Industrial Fire Safety & Energy-Storage Hazards

Industrial Fire Safety & Energy-Storage Hazards

Industrial settings present complex fire and explosion challenges: large spills, hazardous materials, confined spaces, and emerging hazards such as lithium-ion battery systems. At Waterloo we address both the traditional industrial fire domain and the next-generation risks introduced by energy-storage technologies.


Hazardous Material Storage & Combustible Environments

Investigation into use, storage and handling of combustible materials in industrial settings focuses on scenarios such as

  • large-scale liquid fuel spills and pool fires

  • flammable / explosive dust-gas mixtures (e.g., cement kiln gas/dust environments)

  • fire spread, radiation, explosion propagation and structural fire impacts.

This foundational research supports risk-assessment, performance-based design and industrial process safety.

Lithium-Ion Battery Storage & Explosion Dynamics

Modern industrial systems increasingly integrate lithium-ion battery energy storage (BESS), which introduces new fire/explosion modes:

  • Thermal runaway of cells/modules in storage racks.

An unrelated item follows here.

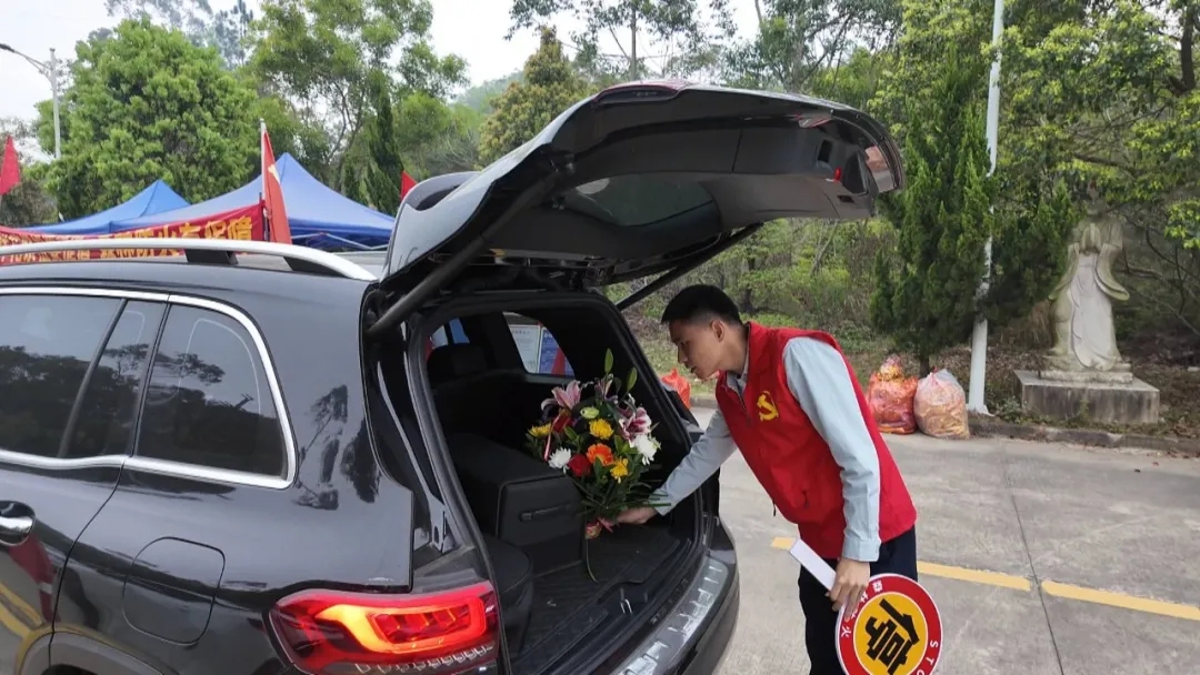 在赤坑镇福安墓园、大湖镇大德陵园等地,入口处车流人流有序通行,园内道路干净整洁,“文明祭扫 平安清明”“鲜花祭故人 环保寄哀思”等宣传标语醒目亮眼。前来祭扫的市民们,大多手捧鲜花、黄白菊束,轻声追思,全程无烟无火,氛围庄重又温馨。

  • Vent-gas ignition, flame acceleration, pressure-rise in confined rooms.

  • Large-scale pack failures and cascading events analogous to fuel spills those in industrial plant fire and explosion scenarios.

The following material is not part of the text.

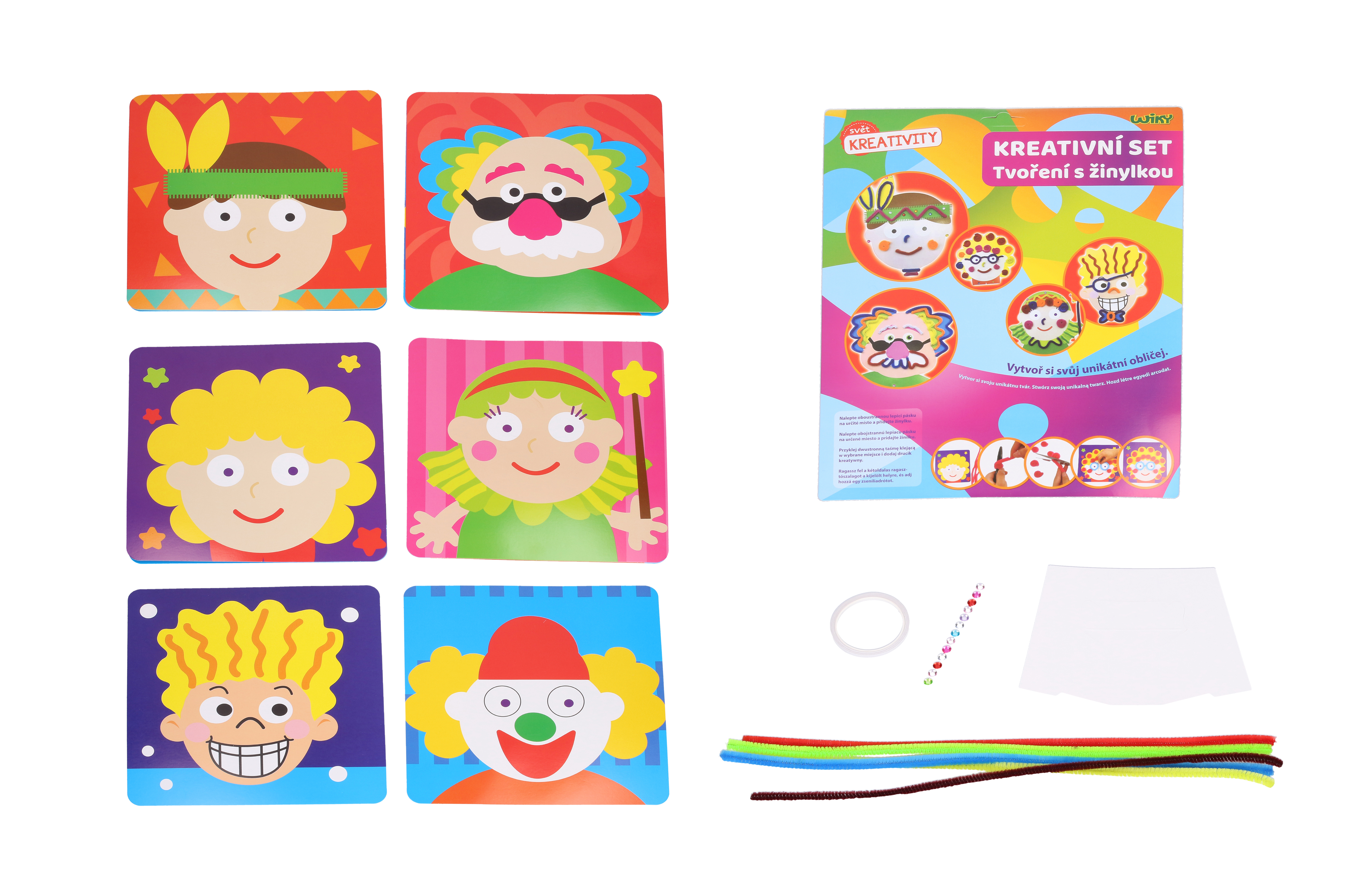 Balení obsahuje: Žinylky, kamínky, 1x obličej, oboustrannou lepicí pásku a stojánek.

Combining energy-storage hazard research with traditional industrial fire science, we offer novel insights for the safe design of battery storage rooms, manufacturing facilities and grid-scale electrified infrastructure.


Applications & Impact

Our research enables:

  • Design guidelines for storage rooms, BESS enclosures, charging hubs, chemical plants, manufacturing sites and logistical hubs.

  • Industrial risk assessments (qualitative & quantitative) to evaluate explosion potential, fire spread and structural integrity under unique hazard conditions.

  • Training tools and mitigation strategies for fire services and industrial safety teams facing emerging threats (e.g., lithium-ion incidents, large-spill fuel fires).


Partnerships & Collaboration

We leverage interdisciplinary partners including:

  • Industry collaborators operating battery-energy storage systems and manufacturing facilities.

  • Fire services and hazardous-materials response teams addressing both traditional industrial fires and new-age energy hazards.

  • Government and standards bodies defining codes for batteries, energy storage, manufacturing, and process safety.